本発明はエッチング処理方法に関し、更に詳細にはアルカリ過マンガン酸エッチング液から成るデスミア液を用いて樹脂部材にエッチング処理を施すエッチング処理方法に関する。
配線基板の分野では、樹脂板等の樹脂部材の表面に銅めっきで形成した銅膜のピール強度を向上すべく、樹脂部材の表面にエッチングを施して粗面化することが行われている。
かかる粗面化は、通常、アルカリ過マンガン酸エッチング液から成るデスミア液に樹脂部材を浸漬して、樹脂部材の表面にエッチング処理を施して行う。
この様にして粗面化した樹脂部材と銅めっきで形成した銅膜のピール強度とは、樹脂部材の表面の凹凸程度が関係する。かかる樹脂部材の表面の凹凸程度は、エッチング処理中にチェック困難であるため、通常、デスミア液のエッチング速度に応じたエッチング処理時間で管理している。このため、デスミア液としては、適度なエッチング速度が必要である。
ところで、樹脂部材をデスミア液に浸漬するエッチング処理を何回が施すと、下記特許文献1に記載されている如く、デスミア液中に炭酸イオンが蓄積される。この様に、炭酸イオンが蓄積されたデスミア液では、そのエッチング速度が促進され、適度なエッチング速度の範囲を越え、樹脂部材の表面に形成する凹凸程度を制御できなくなる。

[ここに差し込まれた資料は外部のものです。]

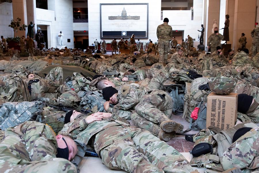 EFE / La Voz de Michoacán EUA. El presidente saliente de EE.UU., Donald Trump, pidió a sus seguidores no incurrir en "violencia" ni romper la ley en los próximos días, ante las múltiples informaciones que apuntan a nuevas concentraciones armadas antes de la investidura dentro de una semana del mandatario electo, Joe Biden. Ante las informaciones sobre nuevas manifestaciones, urjo a que no debe haber NADA de violencia, NADA de romper la ley y NINGÚN vandalismo de ningún tipo", dijo Trump en un comunicado difundido por la Casa Blanca. "Eso no es lo que yo defiendo, y no es lo que defiende Estados Unidos. Pido a TODOS los estadounidenses ayudar a rebajar las tensiones y calmar los ánimos. ¡Gracias!", añadió. El breve comunicado del presidente saliente llegó mientras la Cámara de Representantes se preparaba para acusarlo de "incitar" la insurrección de sus seguidores la semana pasada en el Capitolio, lo que obligará al Senado a someter a Trump a un segundo juicio político ("impeachment"). Foto: EFE. Efectivos de la Guardia Nacional estadounidense duermen en el interior del Capitolio en Washington DC Trump ha mandado mensajes contradictorios sobre el asalto de sus seguidores al Capitolio: durante el ataque los describió como "gente muy especial", pero después intentó distanciarse de ellos y condenar la violencia. Este martes, Trump evitó asumir ningún tipo de responsabilidad por lo ocurrido y defendió como "totalmente apropiado" el discurso que dio antes del asalto al Capitolio, en el que instó a sus seguidores a dirigirse al Congreso para evitar que los legisladores ratificaran la victoria de Biden. Su nuevo mensaje llega dos días después de que el Buró Federal de Investigación (FBI, en inglés) advirtiera que seguidores radicales de Trump planean "protestas armadas" previstas en todos los 50 estados del país entre el día 16 y el 20, cuando tomará posesión Biden. Los grupos extremistas, que tras el cierre de miles de sus cuentas en Twitter y el bloqueo a la red social conservadora Parler han comenzado a coordinarse en aplicaciones encriptadas de mensajería como Telegram, también han amenazado con un posible nuevo asalto al Capitolio o a las sedes de los Congresos estatales. Pese a la petición de Trump de evitar la violencia, algunos analistas creen que el mandatario saliente ha envalentonado todavía más a los extremistas con sus afirmaciones de este martes de que el juicio político que se está preparando en el Congreso está generando mucho "enfado" en el país. La violencia de la semana pasada ha llevado a reforzar al máximo la seguridad en Washington, y se espera que antes de la investidura estén activados más de 20.000 miembros de la Guardia Nacional, que ya protegen el Capitolio desde hace días.

このため、所定の炭酸イオンが蓄積されたデスミア液は廃棄される。
廃棄されたデスミア液は、下記特許文献1で提案されている様に、デスミア液に塩化バリウムを添加して、デスミア液中の炭酸イオンを難溶性の炭酸バリウムにして限外濾過して除去し、再使用が図られている。
特開2001−156428号公報
かかる特許文献1によれば、炭酸イオンが蓄積されてエッチング速度が促進されて、樹脂部材の表面に形成する凹凸程度を制御できなくなったデスミア液であっても、再使用を図ることができる。

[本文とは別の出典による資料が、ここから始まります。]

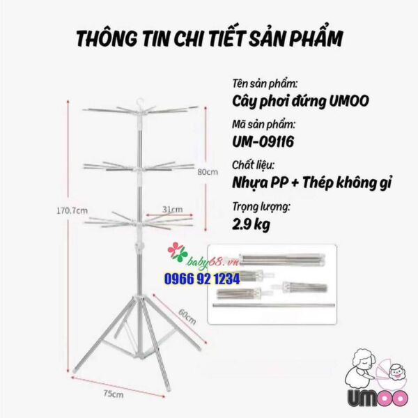 𝗧𝗵𝗼̂𝗻𝗴 𝘁𝗶𝗻 𝘀𝗮̉𝗻 𝗽𝗵𝗮̂̉𝗺 cây phơi đồ em bé chính hãng umoo nhỏ gọn tiện lợi bằng thép cao cấp không gỉ:

しかし、デスミア液の入替作業中は、エッチング工程を停止しなくてはならず、デスミア液の液寿命を可及的に延長できれば、エッチング工程の稼働効率を向上できる。
また、所定のエッチング速度のデスミア液であっても、浸漬され樹脂部材の表面に形成する凹凸程度を調整すべく、樹脂部材をデスミア液に浸漬する浸漬時間を調整することは、エッチング工程の管理を煩雑化し、且つエッチング工程の前工程及び後工程での管理も複雑化する。

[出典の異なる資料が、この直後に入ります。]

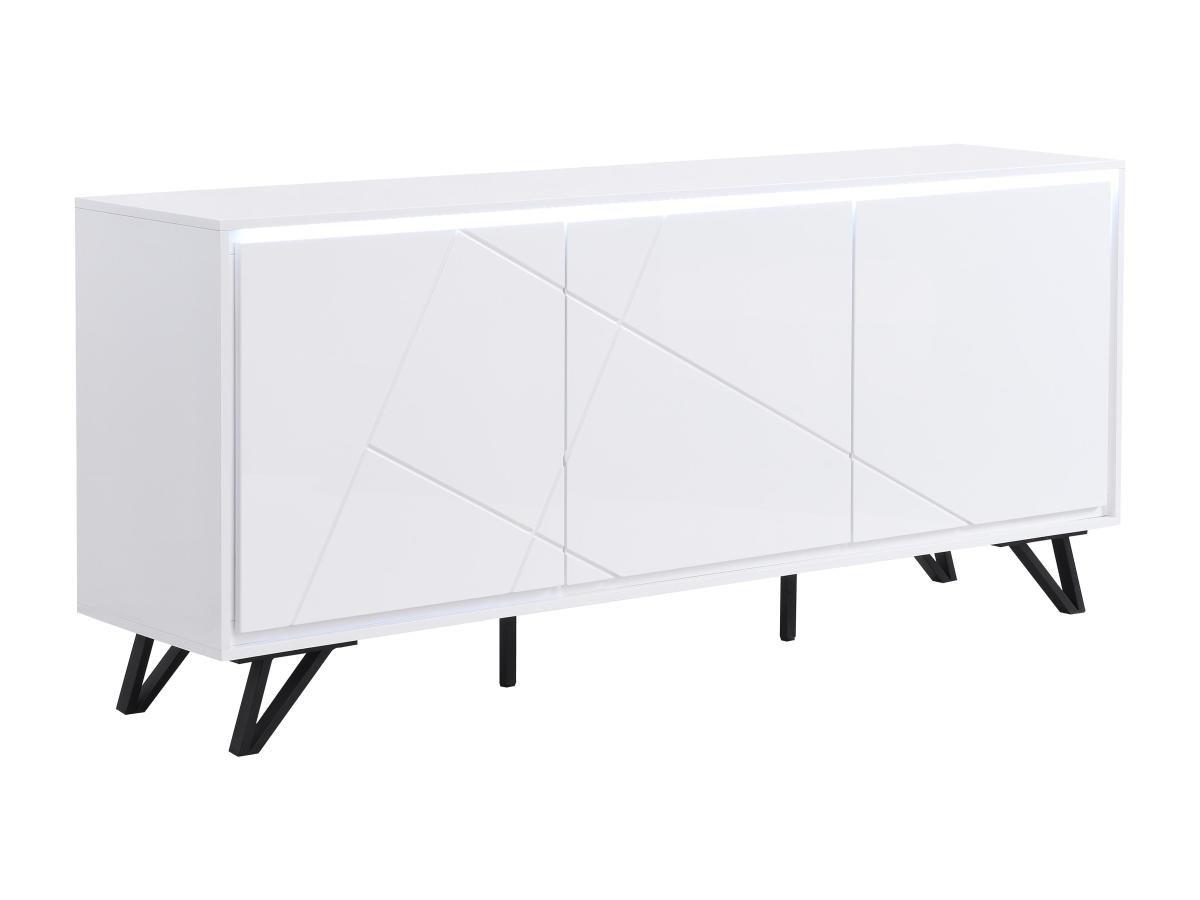 Vente-unique, Buffet 3 portes avec LEDs en MDF - Blanc laqué - SALIANO

そこで、本発明では、樹脂部材の表面に形成する凹凸程度を調整するには、デスミア液に浸漬する樹脂部材の浸漬時間を調整しなくてはならず、且つデスミア液の液寿命が短い従来のエッチング処理方法の課題を解決し、デスミア液に浸漬する樹脂部材の浸漬時間が一定時間であっても、樹脂部材の表面に形成する凹凸程度を容易に調整でき、且つデスミア液の液寿命を延長できるエッチング処理方法を提供することを目的とする。
本発明者は前記課題のうち、デスミア液の液寿命を延長するには、樹脂部材のエッチング処理によってデスミア液中に蓄積する炭酸イオンを除去することが有効ではないかと考え、上述した特許文献1でデスミア液中の炭酸イオンの除去で用いた塩化バリウムを、炭酸イオンが蓄積したデスミア液に添加した。
しかしながら、デスミア液に塩化バリウムを添加して炭酸イオンを除去しても、デスミア液中に生成して沈殿した炭酸バリウムを除去しなかった場合、エッチング速度は殆ど低下しないことが判明した。
本発明者は更に検討したところ、水酸化カルシウム[Ca(OH)2]を炭酸イオンが蓄積したデスミア液に添加すると、生成した炭酸カルシウムを除去しなくてもデスミア液のエッチング速度が抑制されることを知った。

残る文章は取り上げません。